For each entry, output its words exactly and leave any picture behind.

(Stored data entries)
= = = = =

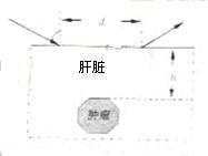 是折射角,ν1,ν2 为别是超声波在肝外和肝内的传播速度),超声波在肿瘤表面发生反射时遵循的规律与光的反射规律相同,已知ν2==0.9v1入射点与出射点之间的距离是d,入射角为i肿瘤的反射面恰好与肝脏表面平行,则肿瘤离肝脏表面的深度h为
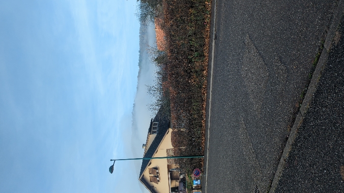 The image depicts an outdoor street scene in Châtenois, France, presenting a static view of residential architecture, vegetation, and a natural landscape under a clear, partially hazy sky. In the foreground, a dark gray asphalt road surface occupies the lower half of the frame, separated by a dark gray curb from a narrow, unpaved strip or sidewalk. No vehicles or individuals are present on the road. The midground features a dark green lamppost positioned vertically on the left. Behind and slightly to the right of the lamppost, a residential building with light tan walls and a dark gray tiled gable roof is visible. This structure includes windows with dark brown closed shutters and a partially obscured lower-level patio area on the left. Adjacent to the house and extending across the midground to the right is a dense, approximately head-height hedge composed of dark brown and green foliage, with fallen leaves at its base. Behind the hedge, the upper section of an orange-brown tiled roof is partially visible on the right. The background presents a range of mountains or hills partially shrouded in a thick layer of white to light gray fog or mist, which obscures the lower and mid-slopes. Above the fog line, the sky is a clear, light blue with minimal cloud formations. No active subjects or interactions are discernible in the scene.
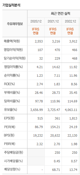 - 2023년 매출 : 5,692원 (전년대비 45.5% 증가)
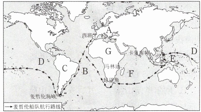 (2)1519年9月,在麦哲伦的带领下,200多名探险队员分乘五艘船,从A
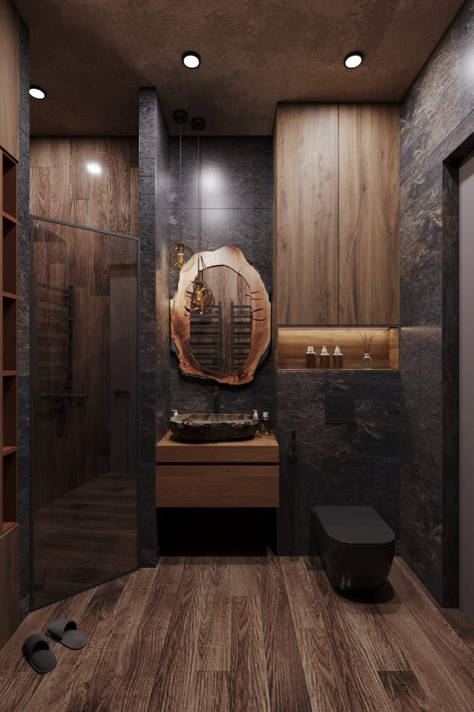 Санузел оформлен в глубоких, насыщенных тонах и стал одной из самых атмосферных зон в квартире. Здесь сочетаются тёмный камень, тёплое дерево и акцентные элементы, которые подчёркивают индивидуальность интерьера.
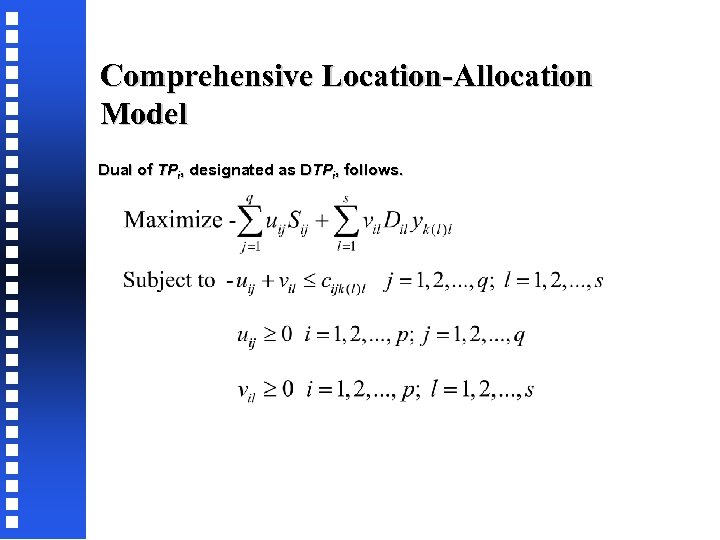 Comprehensive Location-Allocation Model Dual of TPi, designated as DTPi, follows.
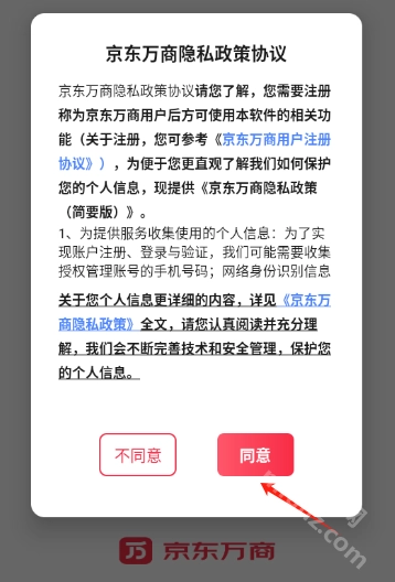 安装京东万商,点击同意
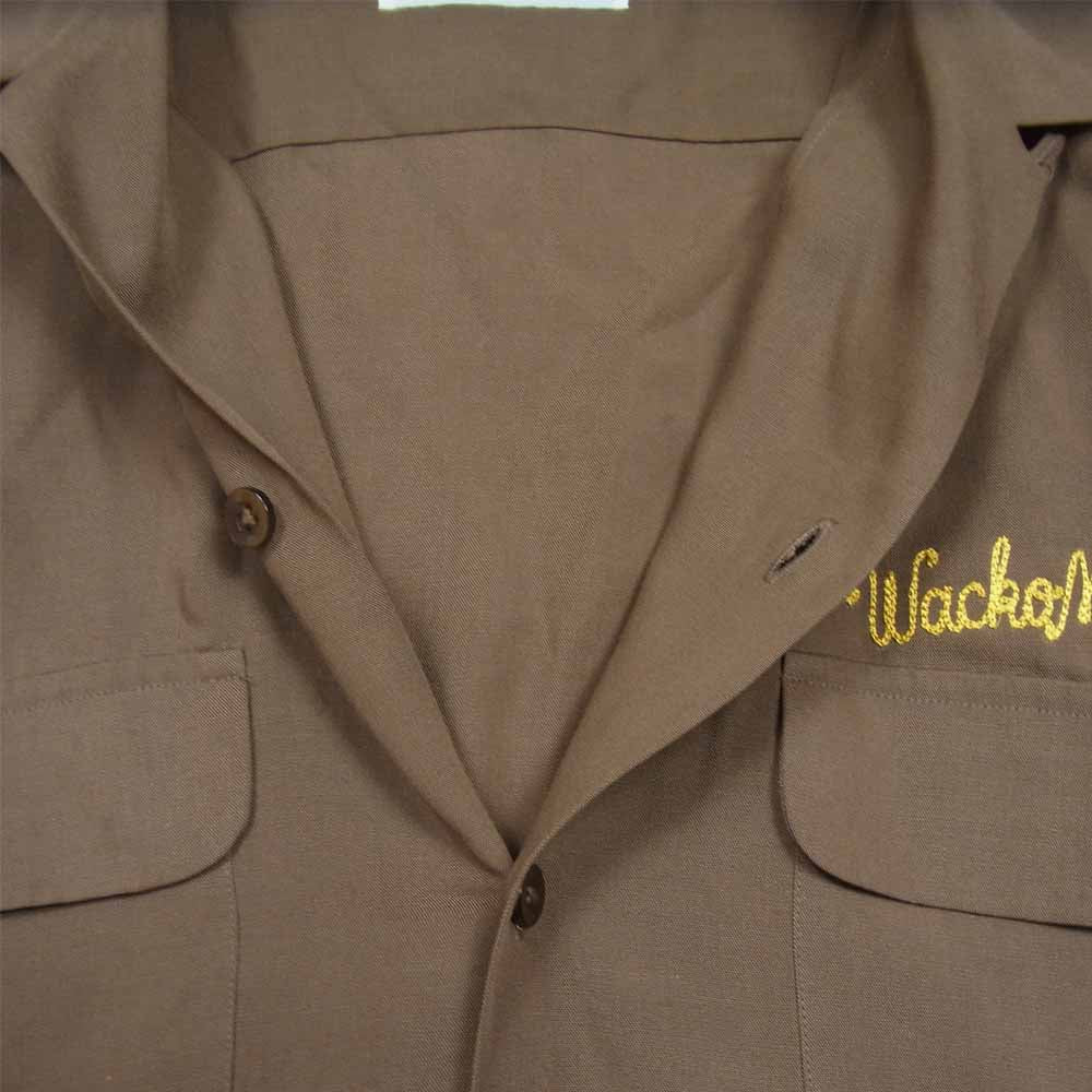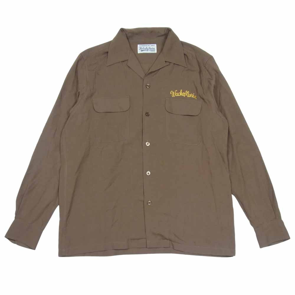 WACKO MARIA ワコマリア ロゴ 刺繍 オープンカラー シャツ 開襟 リヨセル 長袖 ブラウン系 M【中古】
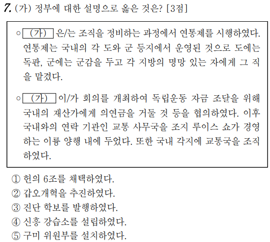 2023학년도 4월 고3 전국연합학력평가 문제지 한국사 문제 7번 풀이
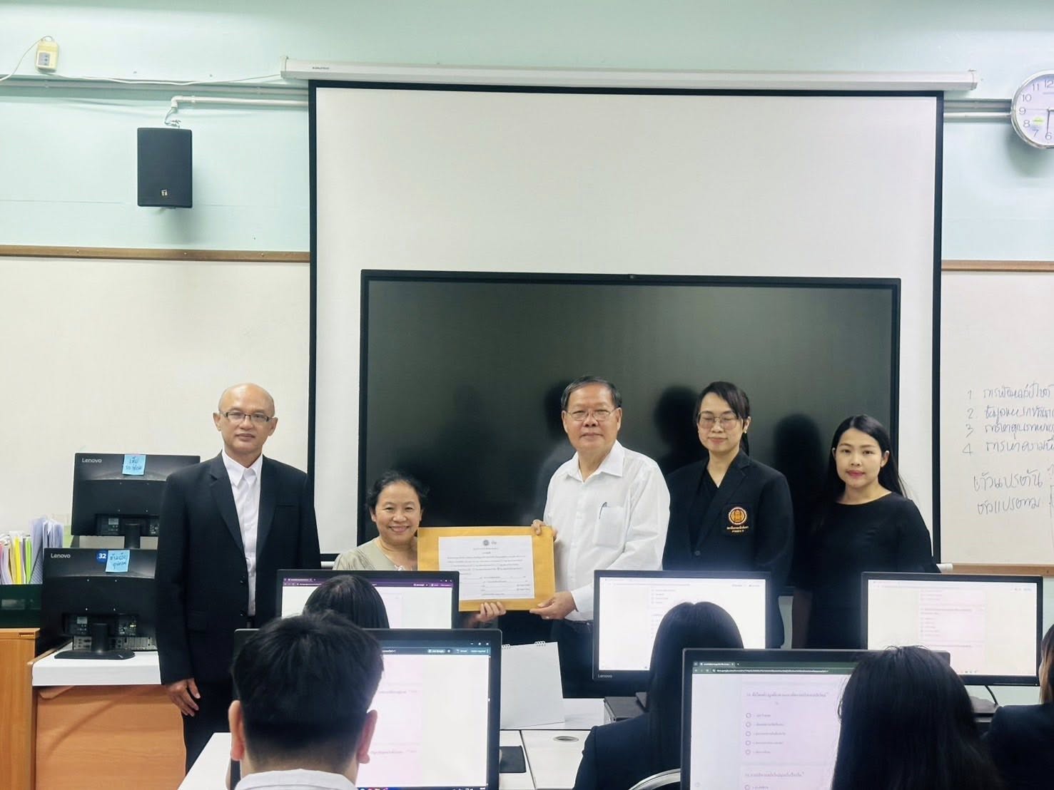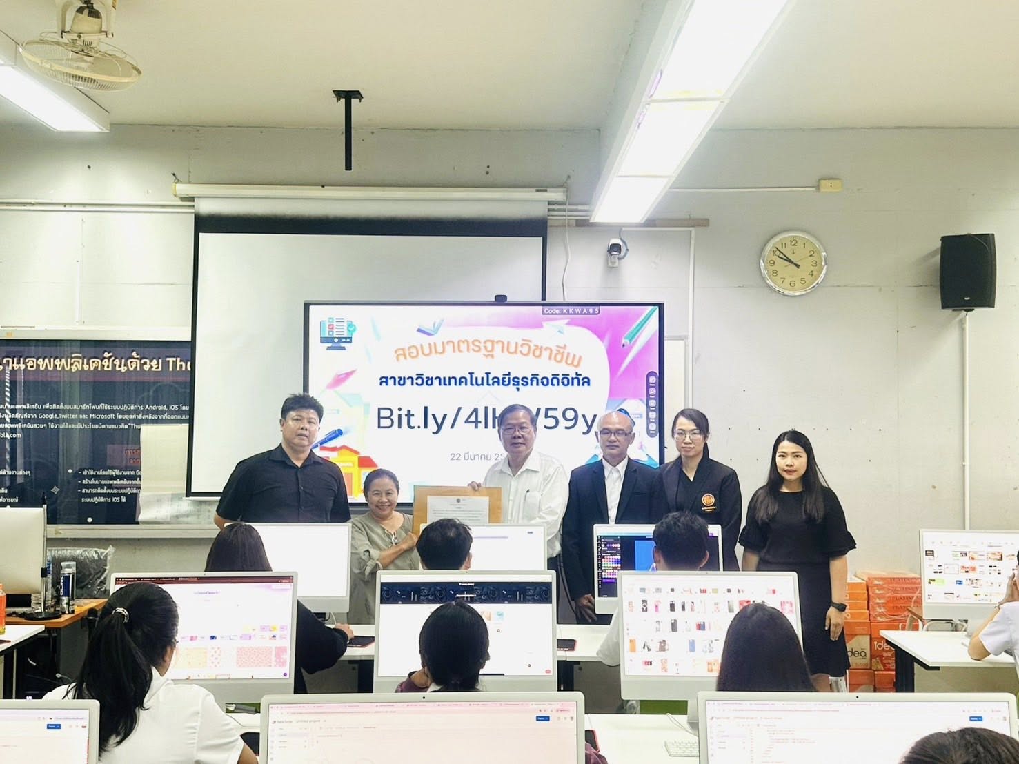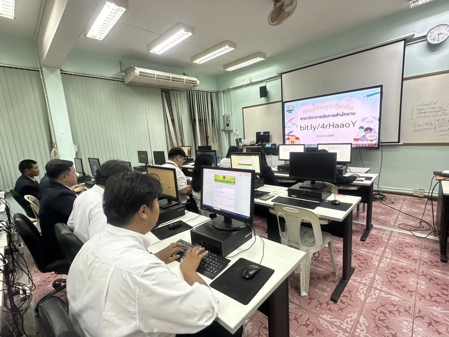 ดร.สุพจน์ ทองเหลือง ผู้อำนวยการ (วิทยฐานะเชี่ยวชาญ) วิทยาลัยอาชีวศึกษาฉะเชิงเทรา พร้อมด้วยคณะผู้บริหารและคณะครู ร่วมกับสถาบันการอาชีวศึกษาภาคกลาง 3 ดำเนินการจัดสอบมาตรฐานวิชาชีพ ให้กับนักศึกษาระดับปริญญาตรี สายเทคโนโลยีหรือสายปฏิบัติการ สาขาวิชาเทคโนโลยีธุรกิจดิจิทัล และสาขาวิชาการจัดการสำนักงาน ประจําปีการศึกษา 2568 ณ วิทยาลัยอาชีวศึกษาฉะเชิงเทรา
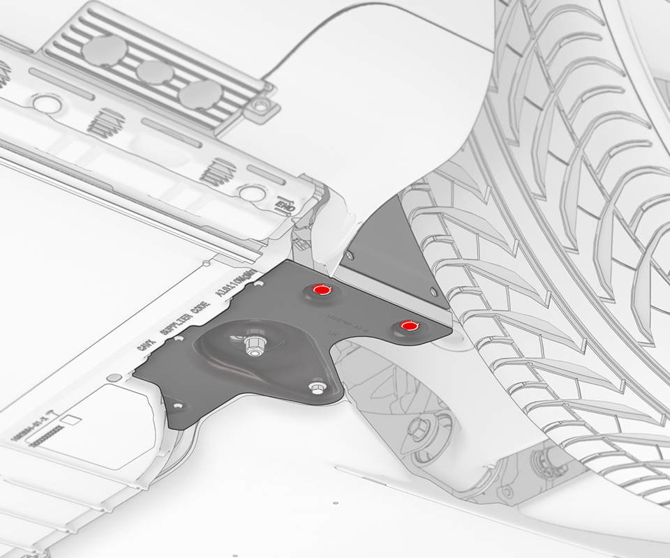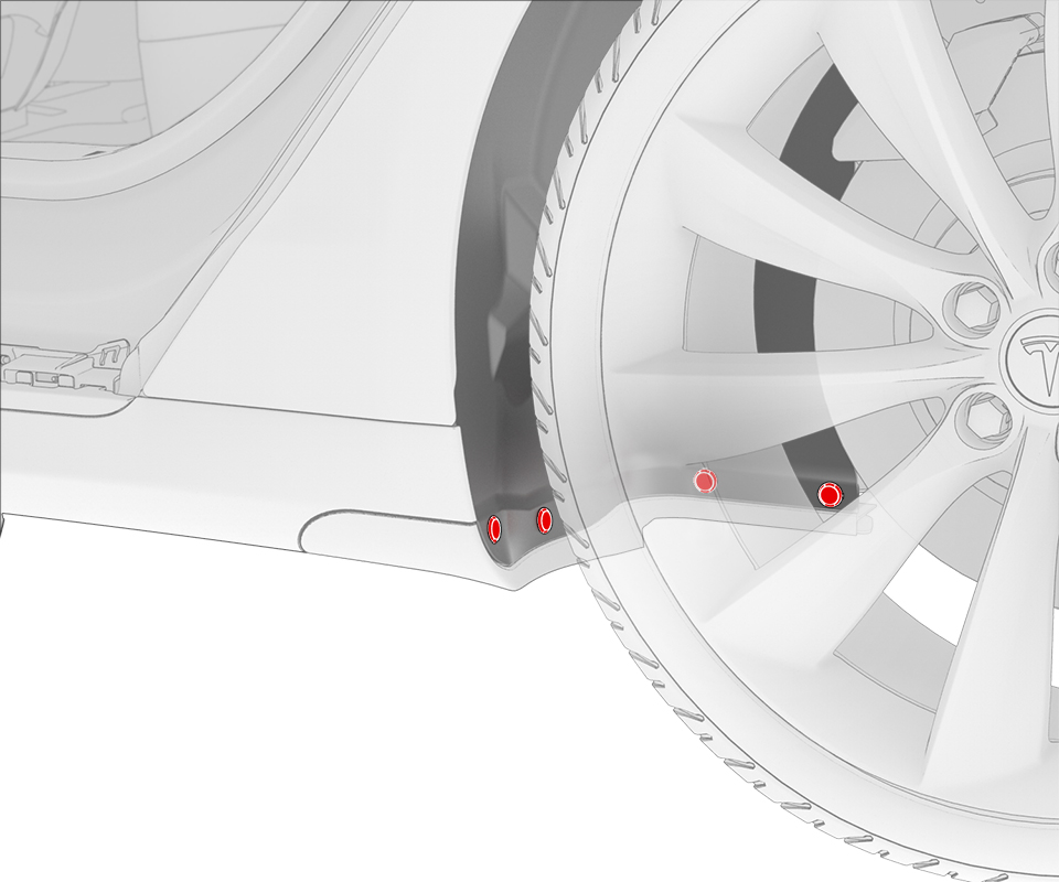 - Remove the bolt behind the LH rear wheel well liner that attaches the LH rear wheel fairing to the vehicle, and then remove the fairing (torque 10 Nm).

= = = = =

[Response box]
 是折射角,ν1,ν2 为别是超声波在肝外和肝内的传播速度),超声波在肿瘤表面发生反射时遵循的规律与光的反射规律相同,已知ν2==0.9v1入射点与出射点之间的距离是d,入射角为i肿瘤的反射面恰好与肝脏表面平行,则肿瘤离肝脏表面的深度h为
 The image depicts an outdoor street scene in Châtenois, France, presenting a static view of residential architecture, vegetation, and a natural landscape under a clear, partially hazy sky. In the foreground, a dark gray asphalt road surface occupies the lower half of the frame, separated by a dark gray curb from a narrow, unpaved strip or sidewalk. No vehicles or individuals are present on the road. The midground features a dark green lamppost positioned vertically on the left. Behind and slightly to the right of the lamppost, a residential building with light tan walls and a dark gray tiled gable roof is visible. This structure includes windows with dark brown closed shutters and a partially obscured lower-level patio area on the left. Adjacent to the house and extending across the midground to the right is a dense, approximately head-height hedge composed of dark brown and green foliage, with fallen leaves at its base. Behind the hedge, the upper section of an orange-brown tiled roof is partially visible on the right. The background presents a range of mountains or hills partially shrouded in a thick layer of white to light gray fog or mist, which obscures the lower and mid-slopes. Above the fog line, the sky is a clear, light blue with minimal cloud formations. No active subjects or interactions are discernible in the scene.
 - 2023년 매출 : 5,692원 (전년대비 45.5% 증가)
 (2)1519年9月,在麦哲伦的带领下,200多名探险队员分乘五艘船,从A
 Санузел оформлен в глубоких, насыщенных тонах и стал одной из самых атмосферных зон в квартире. Здесь сочетаются тёмный камень, тёплое дерево и акцентные элементы, которые подчёркивают индивидуальность интерьера.
 Comprehensive Location-Allocation Model Dual of TPi, designated as DTPi, follows.
 安装京东万商,点击同意
 WACKO MARIA ワコマリア ロゴ 刺繍 オープンカラー シャツ 開襟 リヨセル 長袖 ブラウン系 M【中古】
 2023학년도 4월 고3 전국연합학력평가 문제지 한국사 문제 7번 풀이
 ดร.สุพจน์ ทองเหลือง ผู้อำนวยการ (วิทยฐานะเชี่ยวชาญ) วิทยาลัยอาชีวศึกษาฉะเชิงเทรา พร้อมด้วยคณะผู้บริหารและคณะครู ร่วมกับสถาบันการอาชีวศึกษาภาคกลาง 3 ดำเนินการจัดสอบมาตรฐานวิชาชีพ ให้กับนักศึกษาระดับปริญญาตรี สายเทคโนโลยีหรือสายปฏิบัติการ สาขาวิชาเทคโนโลยีธุรกิจดิจิทัล และสาขาวิชาการจัดการสำนักงาน ประจําปีการศึกษา 2568 ณ วิทยาลัยอาชีวศึกษาฉะเชิงเทรา
 - Remove the bolt behind the LH rear wheel well liner that attaches the LH rear wheel fairing to the vehicle, and then remove the fairing (torque 10 Nm).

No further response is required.